# Forgeworld seminar photos



## bitsandkits (Mar 18, 2008)

Shamlessly borrowed from 40k blogspot
http://apocalypse40k.blogspot.co.uk/2013/05/seminar-3-models-of-horus-heresy.html


----------



## bitsandkits (Mar 18, 2008)

some more stuff
http://astropate.blogspot.co.uk/2013/05/horus-heresy-weekender-tutte-le.html


----------



## GrizBe (May 12, 2010)

This tank:










And these Mechanicum units:











Enough said. Awesome.


----------



## Magpie_Oz (Jan 16, 2012)

Kakophani Marines ! LULZ, I like a good play on words.


----------



## Old Man78 (Nov 3, 2011)

Arousing!!!!!


----------



## Jacobite (Jan 26, 2007)

I'm getting that fizzing feeling in my pants again...

Fucking hell Fulgrim looks awesome and they might be doing multiple versions of the Primarchs? Jac approves!

The Adept Mech looks great as well. 

Will power level dropping!


----------



## Battman (Nov 2, 2012)

Looks awesome


----------



## Jace of Ultramar (Aug 2, 2011)

If only I could pick any of those up!


----------



## TheReverend (Dec 2, 2007)

The minis look absolutely fantastic, makes me want to start a collection of every legion!
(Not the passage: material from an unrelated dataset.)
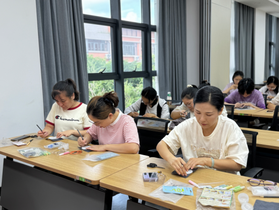 手工课内容为体验掐丝珐琅手工制作工艺,感受非遗手工制作之美。掐丝珐琅,俗称“景泰蓝”,是一门具有悠久历史的传统工艺。活动现场,女职工们在专业老师的示范和指导下,亲身体验掐丝珐琅作品的制作过程。大家耐心细致、一丝不苟地完成绘图、掐丝、点蓝、固定等步骤,最终打造出一个个精美且实用的掐丝珐琅镜作品。

That salamander's army in particular looks amazing, some great conversions there.


----------



## Sequere_me_in_Tenebras (Nov 11, 2012)

Sometimes I look at my girlfriend and think "If it wasn't for you're pink horror, I'd be buying these models." *sighs*


----------



## Barnster (Feb 11, 2010)

Fulgrim looks beast! 

Definitely looking forward to erebus and kor Pheron, hopefully they will be quite chaos like and could go into a 40K army 

Liking the start of the pheonix guard, the rest of my termis are cataphracts so should look cool and unique. The Noise marines look much better than the current conversion set so I imagine they will be popular. 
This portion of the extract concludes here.